→ **WHAT IS NEEDED**
Print the lines below from the line with "ನೂತನವಾಗಿ ನಿರ್ಮಾಣವಾಗುತ್ತಿರುವ ಕಾಪು" to the line with "お部屋は広く、ベッドも大きく、枕も一人ふたつついています。" exactly, keeping both ends, and print no pictures.

→ **EXERCISE DATA**
== Segment start ==

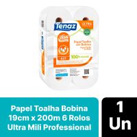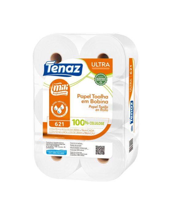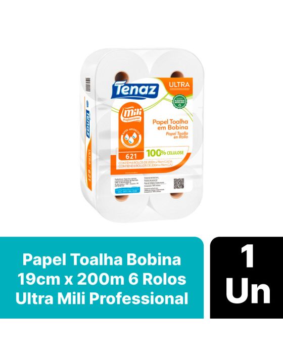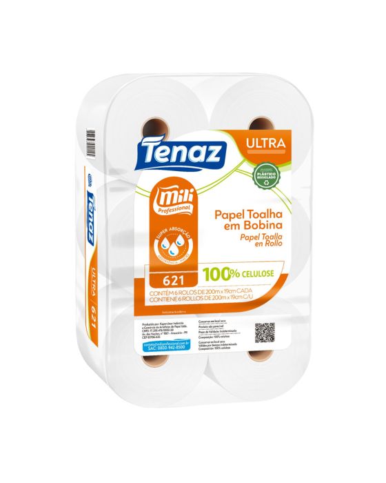 Características:O Papel Toalha Bobina Branco Ultra Tenaz Mili Professional te garante maior absorção e maciez, além de ser fabricado em 100% celulose o que garante maior conforto e qualidade! É ideal para banheiros e lavabos que possuem grande circulação, como banheiros e lavabos corporativos, restaurantes, lanchonetes, supermercados, shoppings e demais ambientes que tenha grande circulação.Detalhes:- Marca: Tenaz;- Fabricante: Mili Professional;- Modelo: Ultra;- Referência: 621;- Linha: Papel Toalha;- Tipo: Bobina;- Cor: Branco;- Quantidade: 6 rolos;- Tamanho: 19m x 200m;- Contém: 1 embalagem com 6 rolos;- Gramatura: Aproximadamente 25 g/m2;- Produto não perecível;- 100% Celulose;- Super Absorção;- Absorvência e Maciez.Indústria Brasileira. | Validade: Indeterminado.Especificações técnicas:- Gramatura (gr/m²): 23 ~ 25 gr/m²;- Alvura (%): Mínimo 80;- Diâmetro: 160 ~ 158cm;- Metragem: 200m.Composição:- Fabricado em 100% celulose.Armazenamento:- Não armazenar em ambientes com umidade e que contenha odores;- Armazenamento na embalagem original.Medidas:- Dimensões da unidade (rolo cada): 19cm x 200m;- Dimensões da embalagem: 46 x 30,5 x 19cm (CxLxA);- Peso embalagem: 5,472kg;- Peso bobina (cada): 412g.* As especificações podem ser alteradas sem aviso prévio** Imagem meramente ilustrativa.
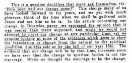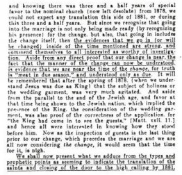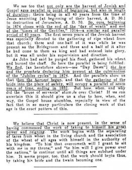 Abzuwarten bleibt, ob diese neue Deutung nur den Boden vorbereitet für eine grundlegende Wende in der Auslegung des Begriffs "diese Generation", Am besten wäre natürlich eine Deutung, bei der man das Jahr 1914 einerseits als "den Beginn der letzten Tage" beibehalten und andererseits zugleich den Begriff "diese Generation" von dem Jahr 1914 erfolgreich abtrennen könnte.
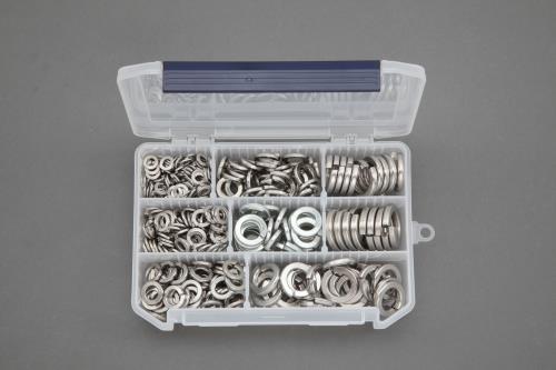 ●<セット内容>呼(入数)/内径×外径×厚み(mm):M6(120)/6.1×12.2×1.5M8(80)/8.2×15.4×2M10(50)/10.2×18.4×2.5M12(30)/12.2×21.5×3M14(20)/14.2×24.5×3.5M16(20)/16.2×28×4M18(10)/18.2×31×4.6M20(8)/20.2×33.8×5.1●材質…ステンレス●ケースサイズ…205×145×40mm
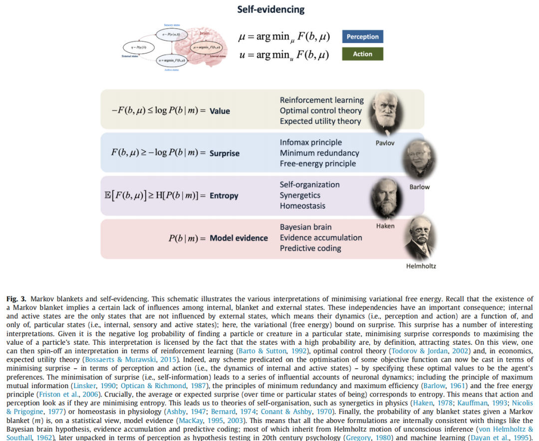 图3. 马尔可夫毯和自我证实。本示意图说明了最小化变分自由能的各种解释。回想一下,马尔可夫毯的存在意味着内部、毯子和外部状态之间缺乏一定的影响。这些独立性具有重要的后果;内部和活动状态是唯一不受外部状态影响的状态,这意味着它们的动态(即感知和行动)是特定状态(即内部、感官和活动状态)的函数,即这里的变分(自由能)约束的惊讶。这种惊讶有许多有趣的解释。考虑到它是找到一个粒子或生物在特定状态下的负对数概率,最小化惊讶相当于最大化粒子状态的价值。这种解释是合理的,因为高概率状态是吸引状态的定义。在这个观点下,可以将其解释为强化学习(Barto&Sutton,1992)、最优控制理论(Todorov&Jordan,2002)以及经济学中的预期效用理论(Bossaerts&Murawski,2015)。实际上,任何基于优化某个目标函数的方案现在都可以用最小化惊讶的术语来表达 - 以感知和行动的方式(即内部和活动状态的动态) - 通过指定这些最优值为代理的偏好。最小化惊讶(即自信息)导致了一系列有影响力的神经动态描述;包括最大互信息原理(Linsker,1990;Optican&Richmond,1987)、最小冗余和最大效率原理(Barlow,1961)以及自由能原理(Friston等,2006)。关键是,平均或预期的惊讶(随时间或特定状态的存在)对应于熵。这意味着行动和感知看起来就像在最小化熵。这使我们得出了自组织理论,例如物理学中的协同理论(Haken,1978;Kauffman,1993;Nicolis&Prigogine,1977)或生理学中的稳态理论(Ashby,1947;Bernard,1974;Conant&Ashby,1970)。最后,从统计观点来看,马尔可夫毯给定马尔可夫毯(m)的任何毯子状态的概率是模型证据(MacKay,1995,2003)。这意味着所有上述的制定都与贝叶斯大脑假设、证据积累和预测编码等内部一致;其中大部分继承自赫尔姆霍兹的无意识推断运动(von Helmholtz&Southall,1962),后来在20世纪心理学(Gregory,1980)和机器学习(Dayan等,1995)中以假设测试的形式加以阐述。
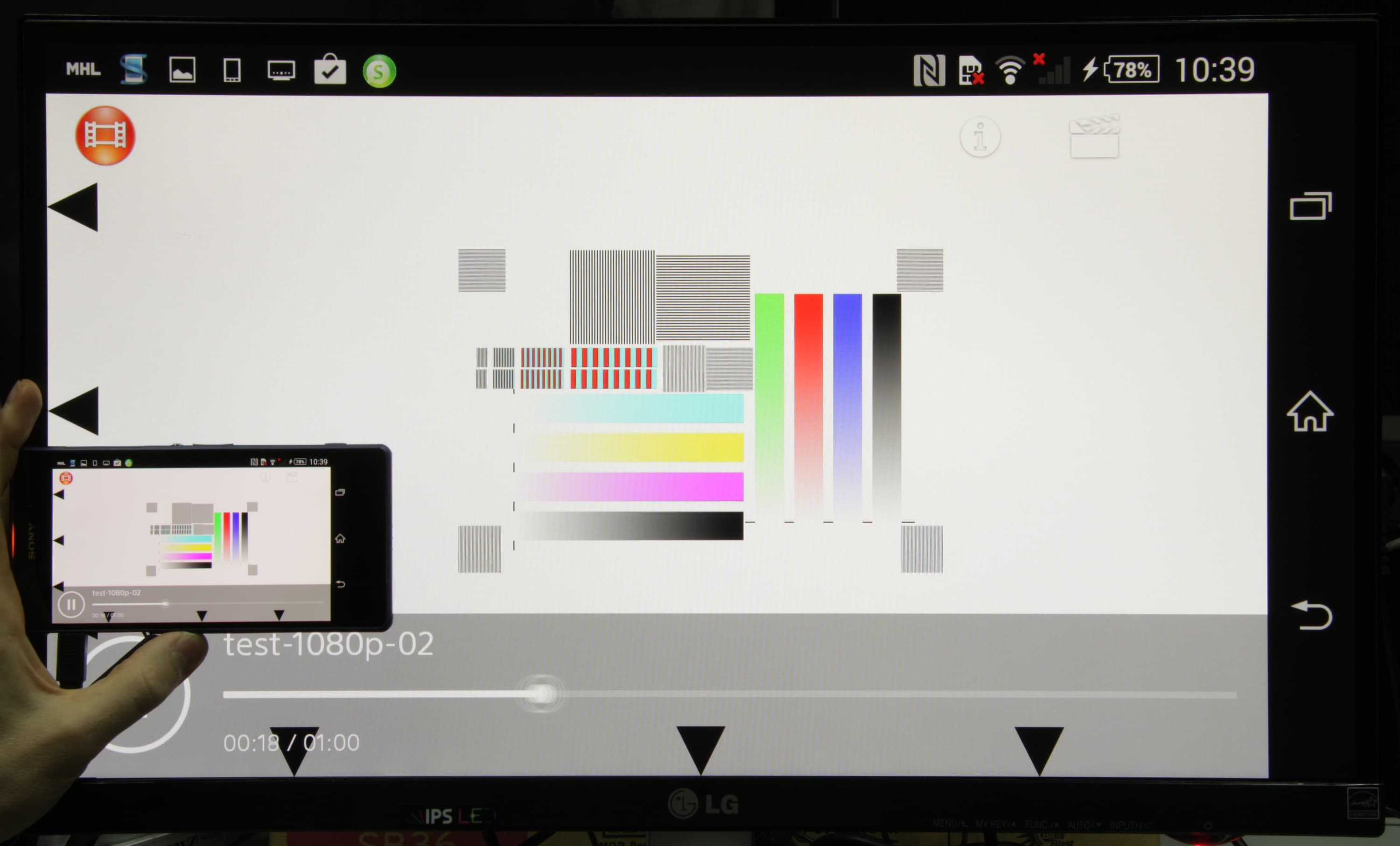 С подключенным по MHL монитором при воспроизведении видео на мониторе отображается точная копия экрана смартфона, то есть вывод осуществляется в истинном разрешении Full HD в случае файлов 1080p. Отображаемый на мониторе диапазон яркости равен стандартному диапазону 16—235 — в тенях и в светах отображаются все градации оттенков. Результаты тестов вывода на монитор приведены в таблице выше в блоке «MHL (вывод на монитор)». Для файлов с 50 и 60 кадр/с мы использовали внешний адаптер, обеспечивший вывод с частотой 60 кадр/с, но с разрешением 720p. Качество вывода очень хорошее.
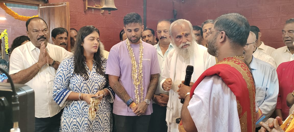 ನೂತನವಾಗಿ ನಿರ್ಮಾಣವಾಗುತ್ತಿರುವ ಕಾಪು ಶ್ರೀ ಹೊಸ ಮಾರಿಗುಡಿ ದೇವಸ್ಥಾನಕ್ಕೆ ಸೂರ್ಯಕುಮಾರ್ ದಂಪತಿ ಭೇಟಿ ನೀಡಿದರು. ದೇವಸ್ಥಾನದ ನಿರ್ಮಾಣ, ಕೆತ್ತನೆ ಶಿಲ್ಪಕಲೆಯ ಬಗ್ಗೆ ಕ್ರಿಕೆಟಿಗ ಮಾಹಿತಿ ಪಡೆದುಕೊಂಡರು.
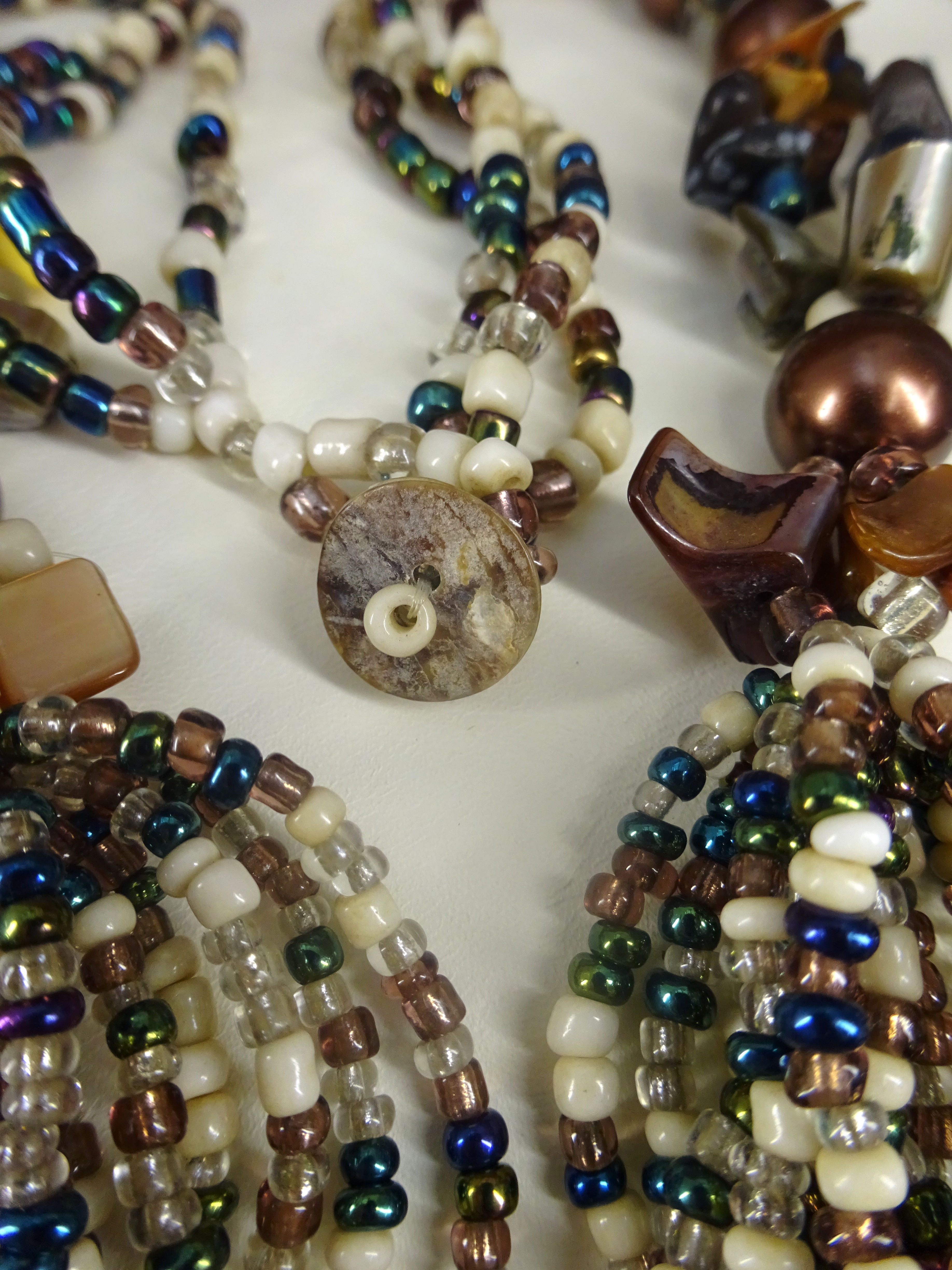 So bunt wie der Kontinent ist auch der Schmuck aus Afrika. Wunderschöne Halsketten, Bracelets und Colliers werden in Handarbeit aus natürlichen Materialien wie Holz, Perlmutt und bunten Glasperlen hergestellt.
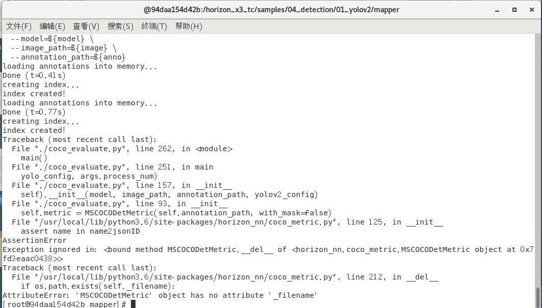 File "/usr/local/lib/python3.6/site-packages/horizon_nn/coco_metric.py", line 212, in __del__
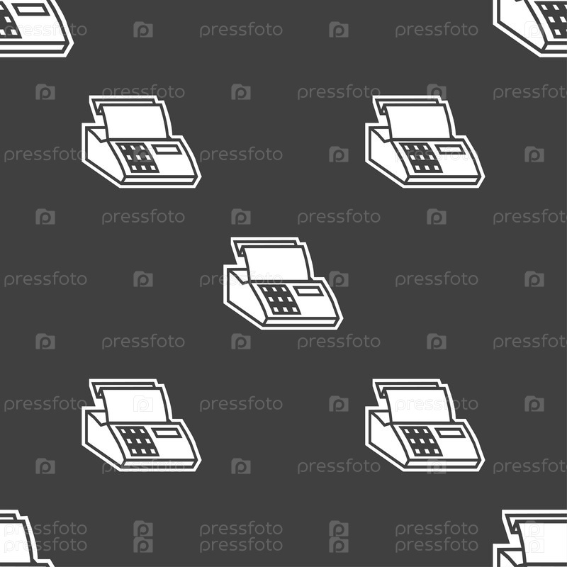 Кассовый аппарат машина значок знак. Бесшовный узор на сером фоне. Вектор
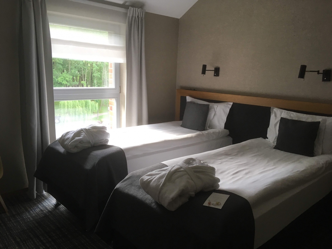 お部屋は広く、ベッドも大きく、枕も一人ふたつついています。
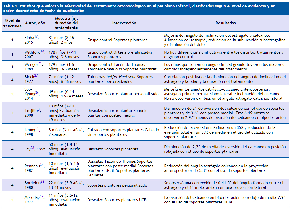 El estudio de Wenger21, con nivel de evidencia 1, realizado en 1989, analizó a 98 niños de uno a seis años, con tres años de media, con pies planos valgos flexibles, con el fin de evaluar si estos pies presentan alguna modificación con la utilización de distintos tratamientos ortopodológicos. A todos los niños se les realizaron radiografías en bipedestación y descalzos en el momento de inicio, a los seis meses y al final de los tres años de tratamiento. Se midieron los ángulos astrágalo-suelo, astrágalo-primer metatarsiano y astrágalo-calcáneo anteroposterior. Se dividió a los niños en cuatro grupos. Veintiún niños formaron el grupo de control (G1), 28 niños fueron tratados con calzado con tacón de Thomas (G2), 27 niños fueron tratados con taloneras (G3) y 22 niños fueron tratados con soportes plantares personalizados (G4). Los grupos G2 y G3 utilizaron el mismo calzado de cuero con tacón de Thomas. El G4 utilizó un calzado de cuero. Los resultados (Tabla 6) mostraron que los niños que tenían pies planos flexibles más graves fueron los que obtuvieron una mejor evolución, independientemente del tratamiento. Estos resultados no especifican si en la medición final los niños llevaban el tratamiento o si todos se realizaron las radiografías descalzos.
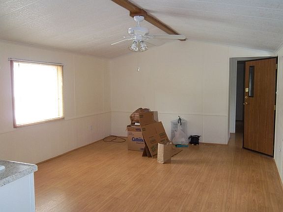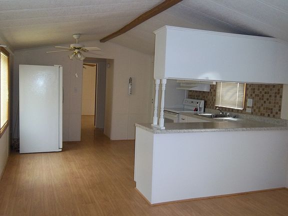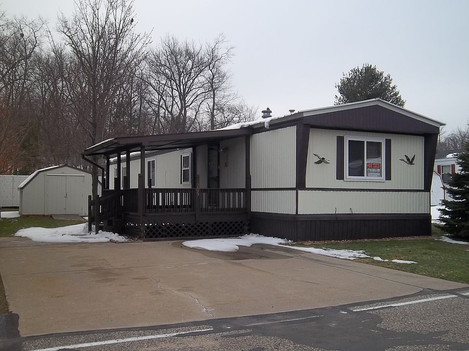 Affordable senior (55 y/o and over) housing in a quiet, well kept mobile home park. Home is tucked into a nicely landscaped lot to provide privacy, reasonable lot rental. Home is 70 ft long x 14 ft wide. Deck size: 10 ft x 12 ft. Driveway in front has two parking spaces with visitor parking steps away. Two small pets are allowed. Come in through the main entrance door to a nice size living room. Left through the galley style kitchen (electric stove and side-by-side refrigerator with ice maker stays) - notice the large built-in kitchen pantry, through a short hall to the Master bdrm with walk-in closet to private three piece bath (toilet, sink and shower stall) and a small storage closet. From the entrance turn right: a hallway to the main, full bath (toilet, sink, bathtub with shower) and second bedroom. The washer and dryer, tucked in an alcove near bedroom, stay. There is a second exit door in the hallway. Many items in this home were replaced/updated a few years ago: Steel roof, newer windows, laminate flooring, neutral paint throughout, ceiling fans in each room (helps lower utilities), KITCHEN base cabinets w/counter, sink and faucet, MASTER Bdrm: freestanding corner shower, vanity with sink / faucet, and high-rise (convalescent) toilet, ceramic tile floor, Main Bath: vanity sink/ faucet ceramic tile floor. Natural gas water heater, forced air furnace with air conditioning (although seldom needed due to lake breezes in summer.) Very large (12ft x 12ft) tool / storage shed for storing lawn mower and tools. Lot rent includes water / sewer and main (circle) road snow removal and general upkeep of the common areas. Homeowner performs lawn maintenance and snow removal on lot site. Conveniently located within walking distance to grocery market, pet grooming business and a number of restaurants. Banks, medical offices, and local farmers market (in summer) nearby. Dial-a-ride is available for local trips if you don't want to walk or drive. Buyer must complete a park occupancy application and be approved.

== Segment end ==

→ **WRITTEN SOLUTION**
 ನೂತನವಾಗಿ ನಿರ್ಮಾಣವಾಗುತ್ತಿರುವ ಕಾಪು ಶ್ರೀ ಹೊಸ ಮಾರಿಗುಡಿ ದೇವಸ್ಥಾನಕ್ಕೆ ಸೂರ್ಯಕುಮಾರ್ ದಂಪತಿ ಭೇಟಿ ನೀಡಿದರು. ದೇವಸ್ಥಾನದ ನಿರ್ಮಾಣ, ಕೆತ್ತನೆ ಶಿಲ್ಪಕಲೆಯ ಬಗ್ಗೆ ಕ್ರಿಕೆಟಿಗ ಮಾಹಿತಿ ಪಡೆದುಕೊಂಡರು.
 So bunt wie der Kontinent ist auch der Schmuck aus Afrika. Wunderschöne Halsketten, Bracelets und Colliers werden in Handarbeit aus natürlichen Materialien wie Holz, Perlmutt und bunten Glasperlen hergestellt.
 File "/usr/local/lib/python3.6/site-packages/horizon_nn/coco_metric.py", line 212, in __del__
 Кассовый аппарат машина значок знак. Бесшовный узор на сером фоне. Вектор
 お部屋は広く、ベッドも大きく、枕も一人ふたつついています。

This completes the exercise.